Figure 6. TRF2 requires TIN2 for repression of ATM but not NHEJ.

(A) Overexpression of TRF2 reduces chromosome-type fusions in TIN2 KO cells. Telomere fusions were scored as in Figs. 3E and F. (B) Immunoblots for Chk1 and Chk2 phosphorylation. Cells as in (A) and processing as in Fig. 4B. (C) No effect of TRF2 overexpression on telomeric overhang in TIN2 KO cells. Cells as in (A) and processing and quantification as in Fig. 3A. (D) Telomeric localization of the TRF2^ΔT mutant.
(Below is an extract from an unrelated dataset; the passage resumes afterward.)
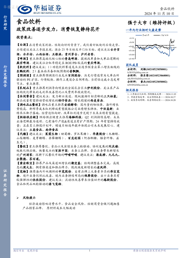 【华福证券】【20241110】20241110-华福证券-食品饮料行业定期报告:政策改善逐步发力,消费恢复静待花开-12页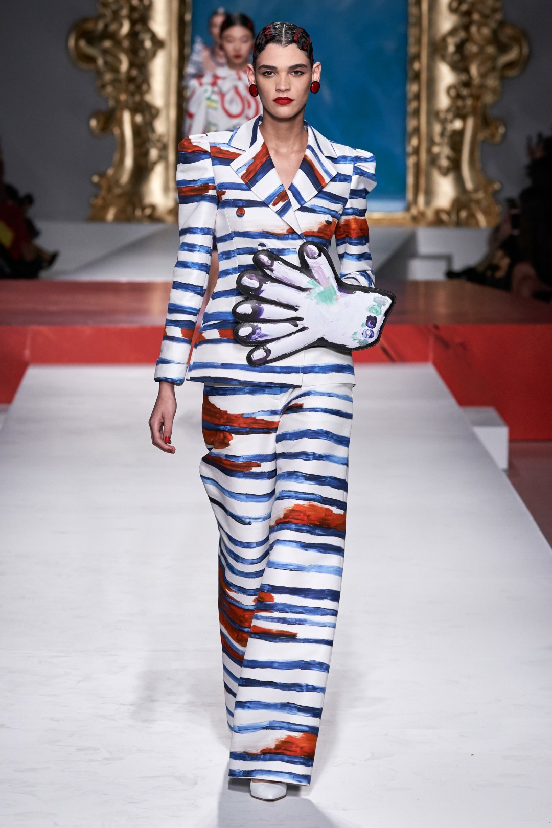 Поэкспериментировав с фломастером, который «разрисовал» платья, шляпы и даже капроновые колготки в коллекции Moschino весна-лето 2019, креативный директор Джереми Скотт замахнулся на кисти и краски. На это гостям его нового показа в Милане намекнули еще в процессе раздачи пригласительных — они были сделаны в виде палитры для смешивания цветов и кисти с названием бренда.

TRF2^F/−MEFs were infected with the indicated TRF2 alleles, selected, cloned, and treated with Cre. TRF2 was detected with the Myc Ab in combination with IF for TRF1. (E) Repression of telomere fusions by TRF2^ΔT. Cells as in D were analyzed at 120 hr post-Cre as in Fig. 3A. (F) Chk2 phosphorylation in TRF2^ΔT cells. TRF2^F/−ATM^+/+ and TRF2^F/−ATM^−/− cells were infected with the indicated retroviruses, selected, and treated with Cre as indicated. Immunblotting for Chk2 and TRF2 at 72 hr post-Cre. Loading control: non-specific band in the Chk2 blot. (G) TIFs in TRF2^ΔT cells. The indicated clonal lines (as in (D)) were treated with Cre (96 h) and analyzed for TIFs as in Fig. 4A. Note fewer but larger 53BP1 TIFs in TRF2^ΔT cells. (H) Quantification of the TIF response in the indicated cells at 96 hr after Cre. Pools of TRF2^F/− ATM^+/+ and TRF2^F/−ATM^−/− infected as indicated were used for TIF assays as in Fig. 4A.